Hardware development

The team collected 15 hours of data from 44 pregnant women (mean gestation of 31 weeks), using a custom-made inertial measurement unit consisting of eight acoustic sensors (used to detect vibrations from the foetus moving) and an accelerometer (which measured maternal acceleration in three axes).

Acoustic sensors, in a sealed chamber covered by a diaphragm, detect pressure changes when the outer membrane is perturbed by low-frequency vibrations caused by foetal movements. The research team also developed an ultrasound-compatible version, with sufficient field-of-view for the medical exam.

Detection and discrimination

The researchers correlated an ultrasound physician’s notes with three different movement types (breathe, general (whole-body) and startle). A detection was confirmed when observed movements during a 5 s window were in agreement with the sensors’ movement detection.

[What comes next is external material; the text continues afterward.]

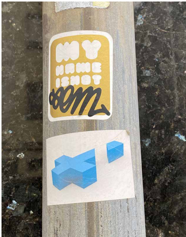
Figure 5. My name. Location: Rua da Constituição. Coord.: 41,16185 N, 8,60362 W

They found that 78% of startle (short, quick and directed) movements were detected correctly by the system. The detection was highly dependent on the proximity to a sensor, since startles may only be registered by a few sensors. The detection rates for whole-body movements and breathing were lower (53% and 41%, respectively), indicating that the system is only sensitive to startles.

The team also noticed a large variance between different scans; an inflated false positive rate meant that so far, the system cannot detect levels of foetal activity alone. The researchers suggest that the highly sensitive nature of the sensors makes it more susceptible to noise.

For the detected movements, the researchers employed principal component analysis (PCA) to reduce the dimensionality of the data. Machine learning classifiers were used to generate confusion matrices. Essentially, this procedure correlated the sensors’ detected movement to the physician’s observed movement, and hence output a percentage that described how well the classifier discriminated different movements.

Generally, startles were well discriminated from whole body movements (72.1% accurate) and breathing (66.6% accurate). However, the classifier did not discriminate well between whole-body movements and breathing.

Future prospects

The researchers plan to add more sensors to improve the specificity of foetal activity detection. Additionally, further optimization regarding placement and number of sensors should lead to improvements in detection and discrimination of movements. Given that detection of breathing and general movements were poor, the authors suggest that any wearable sensor would be unlikely to detect these movements.

This work has shown that foetal movements can be detected using acoustic sensors, and that the signal can be isolated from maternal artefacts captured by the accelerometer. For the first time, detection of startles and their discrimination from other movements using a wearable device has been described.